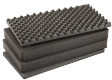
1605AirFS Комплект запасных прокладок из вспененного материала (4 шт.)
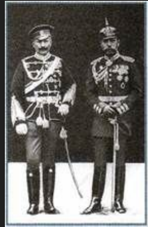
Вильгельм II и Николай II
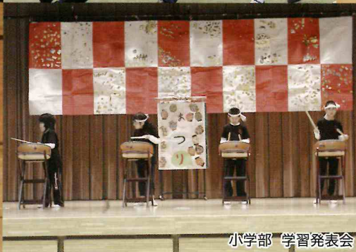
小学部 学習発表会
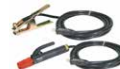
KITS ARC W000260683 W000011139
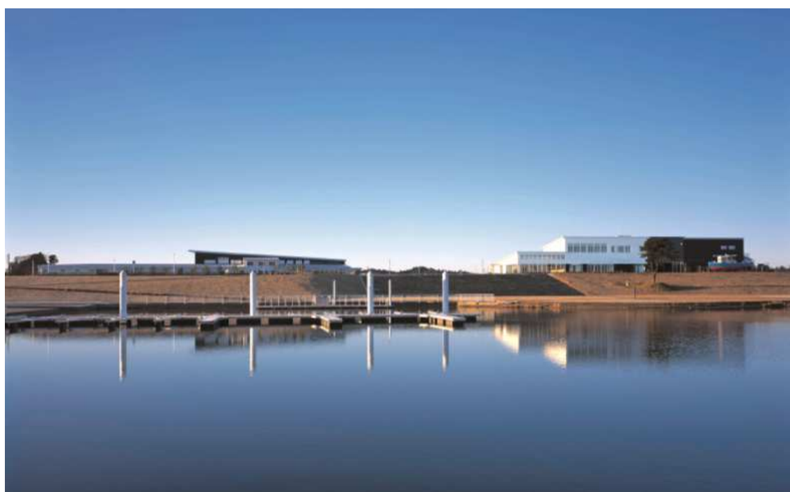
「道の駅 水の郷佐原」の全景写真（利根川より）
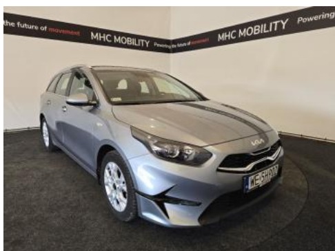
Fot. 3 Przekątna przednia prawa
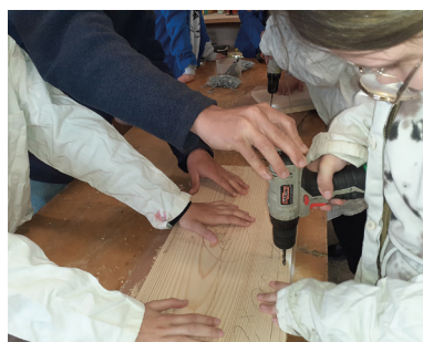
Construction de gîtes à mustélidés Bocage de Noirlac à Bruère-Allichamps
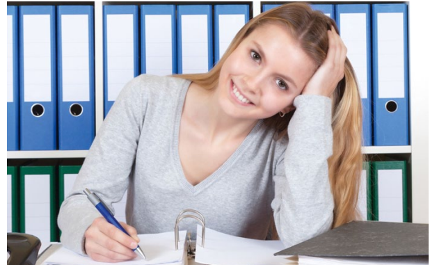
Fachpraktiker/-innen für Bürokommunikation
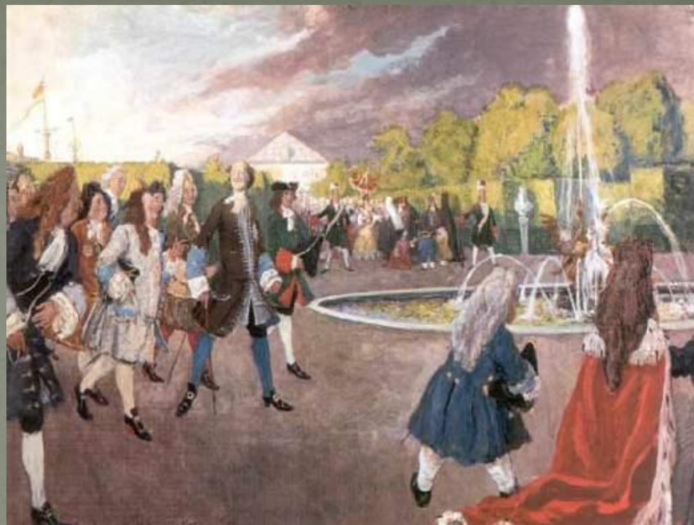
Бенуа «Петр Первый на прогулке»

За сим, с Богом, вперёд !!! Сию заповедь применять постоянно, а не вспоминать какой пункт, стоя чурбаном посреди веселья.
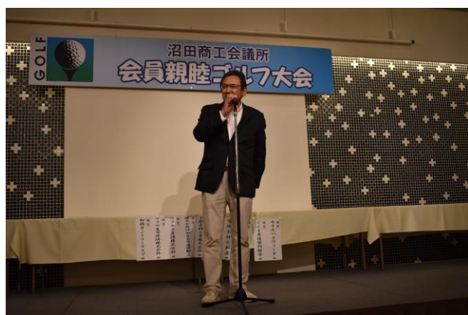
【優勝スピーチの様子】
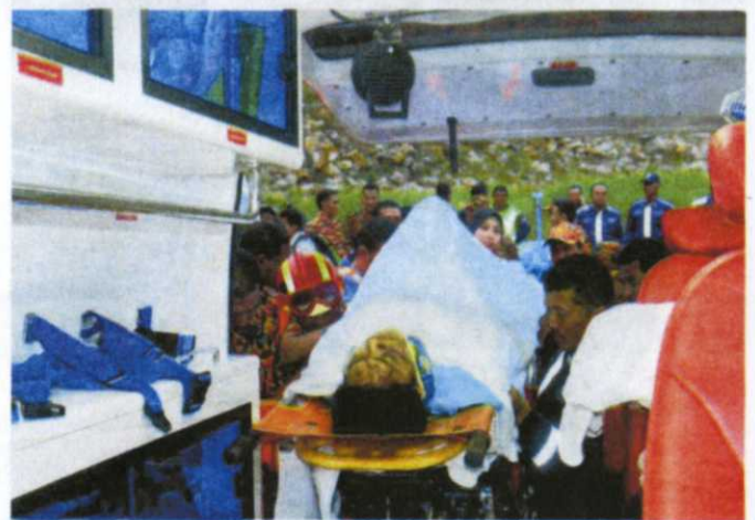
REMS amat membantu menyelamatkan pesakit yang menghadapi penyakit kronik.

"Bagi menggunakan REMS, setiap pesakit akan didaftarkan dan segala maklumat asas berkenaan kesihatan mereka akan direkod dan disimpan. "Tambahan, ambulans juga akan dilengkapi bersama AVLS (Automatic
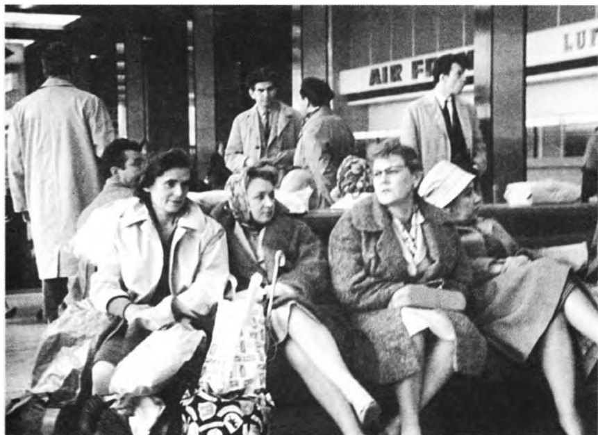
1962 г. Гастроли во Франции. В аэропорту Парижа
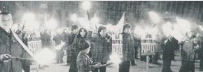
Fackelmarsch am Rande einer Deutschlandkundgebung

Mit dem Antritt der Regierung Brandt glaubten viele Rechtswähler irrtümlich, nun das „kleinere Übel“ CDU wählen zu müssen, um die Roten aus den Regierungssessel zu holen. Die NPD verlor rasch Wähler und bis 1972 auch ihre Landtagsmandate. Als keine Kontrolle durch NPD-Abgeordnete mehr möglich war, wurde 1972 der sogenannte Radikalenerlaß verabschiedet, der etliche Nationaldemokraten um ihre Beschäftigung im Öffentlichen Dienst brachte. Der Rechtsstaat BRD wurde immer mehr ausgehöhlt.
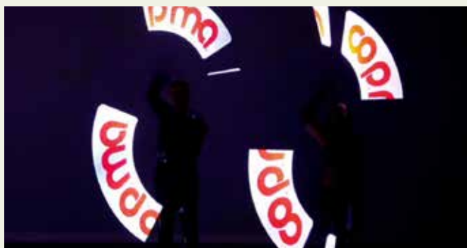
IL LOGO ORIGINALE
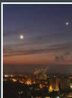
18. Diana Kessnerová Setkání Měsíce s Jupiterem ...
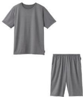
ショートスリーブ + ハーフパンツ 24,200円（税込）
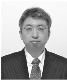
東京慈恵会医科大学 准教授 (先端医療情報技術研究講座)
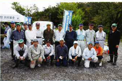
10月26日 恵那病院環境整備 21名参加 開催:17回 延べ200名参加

-------------------------

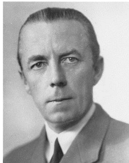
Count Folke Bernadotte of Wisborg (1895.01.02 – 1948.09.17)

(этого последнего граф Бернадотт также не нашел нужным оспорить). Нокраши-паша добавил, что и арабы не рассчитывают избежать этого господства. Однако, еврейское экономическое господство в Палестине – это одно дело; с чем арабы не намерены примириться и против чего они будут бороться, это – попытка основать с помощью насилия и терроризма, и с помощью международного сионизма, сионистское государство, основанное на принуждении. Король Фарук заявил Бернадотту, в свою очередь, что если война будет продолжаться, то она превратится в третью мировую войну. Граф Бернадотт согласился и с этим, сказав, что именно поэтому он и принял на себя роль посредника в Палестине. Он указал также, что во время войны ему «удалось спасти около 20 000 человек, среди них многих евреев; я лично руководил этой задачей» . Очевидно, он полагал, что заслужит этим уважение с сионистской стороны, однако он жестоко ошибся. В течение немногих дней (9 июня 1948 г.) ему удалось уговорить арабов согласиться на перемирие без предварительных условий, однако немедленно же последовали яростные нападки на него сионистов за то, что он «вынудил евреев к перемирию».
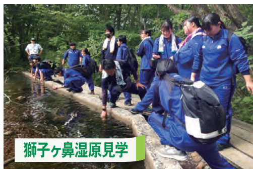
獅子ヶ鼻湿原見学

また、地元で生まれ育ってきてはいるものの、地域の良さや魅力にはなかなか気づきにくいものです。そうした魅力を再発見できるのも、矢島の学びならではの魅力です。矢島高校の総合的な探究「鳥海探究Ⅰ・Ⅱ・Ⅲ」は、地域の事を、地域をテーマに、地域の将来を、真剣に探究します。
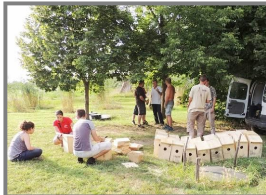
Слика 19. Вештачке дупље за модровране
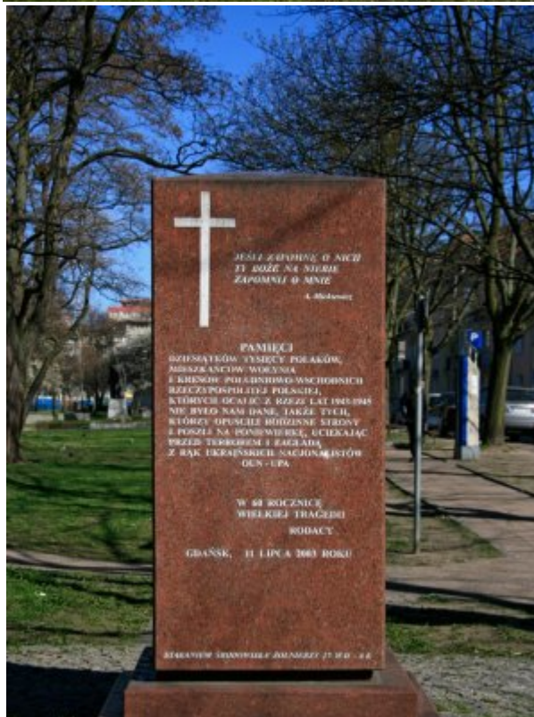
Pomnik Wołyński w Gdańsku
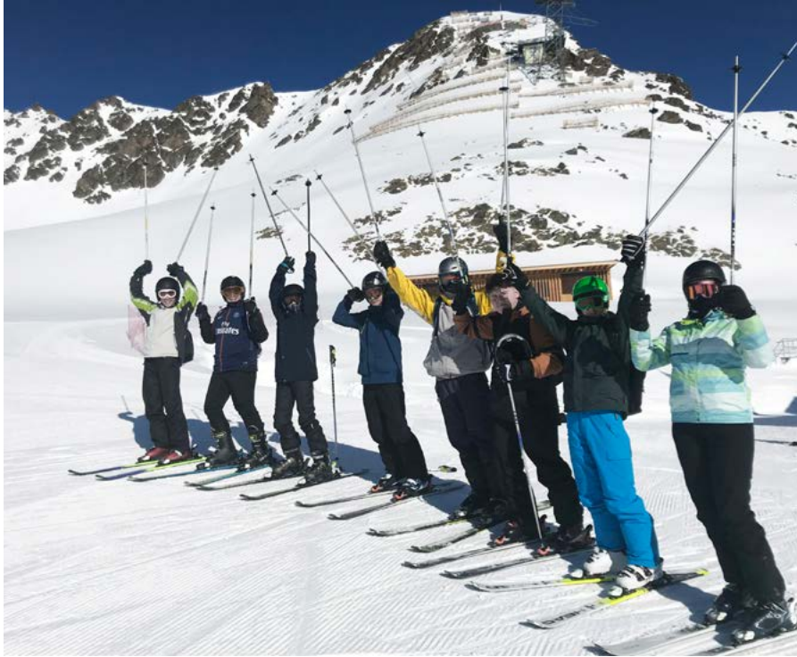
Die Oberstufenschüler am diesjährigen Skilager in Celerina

-------------------------

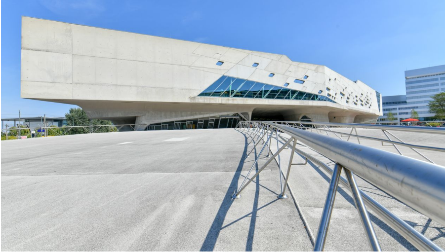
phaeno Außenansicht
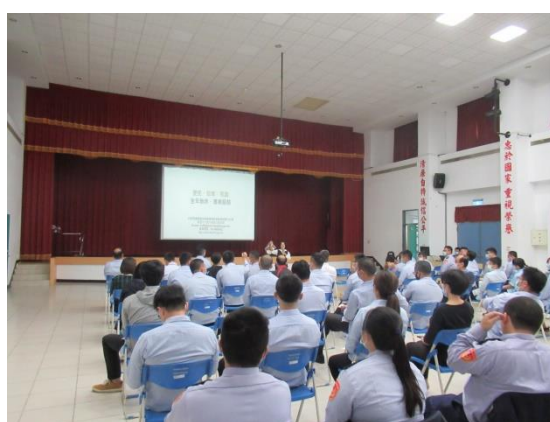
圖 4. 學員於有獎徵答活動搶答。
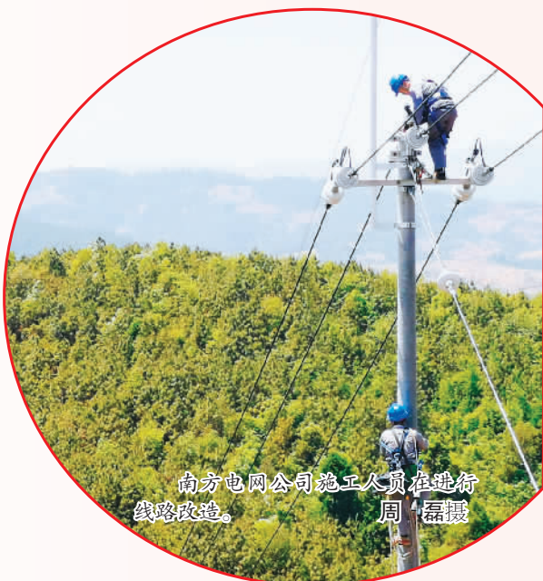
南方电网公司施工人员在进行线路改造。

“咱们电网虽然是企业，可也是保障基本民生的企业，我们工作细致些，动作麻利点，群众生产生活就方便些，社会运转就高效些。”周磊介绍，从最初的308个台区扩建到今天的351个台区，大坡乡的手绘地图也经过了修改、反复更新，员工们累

-------------------------

» Your task: Pull every line that holds the string "REMS" out of the records.

» Answer below:
REMS amat membantu menyelamatkan pesakit yang menghadapi penyakit kronik.
"Bagi menggunakan REMS, setiap pesakit akan didaftarkan dan segala maklumat asas berkenaan kesihatan mereka akan direkod dan disimpan. "Tambahan, ambulans juga akan dilengkapi bersama AVLS (Automatic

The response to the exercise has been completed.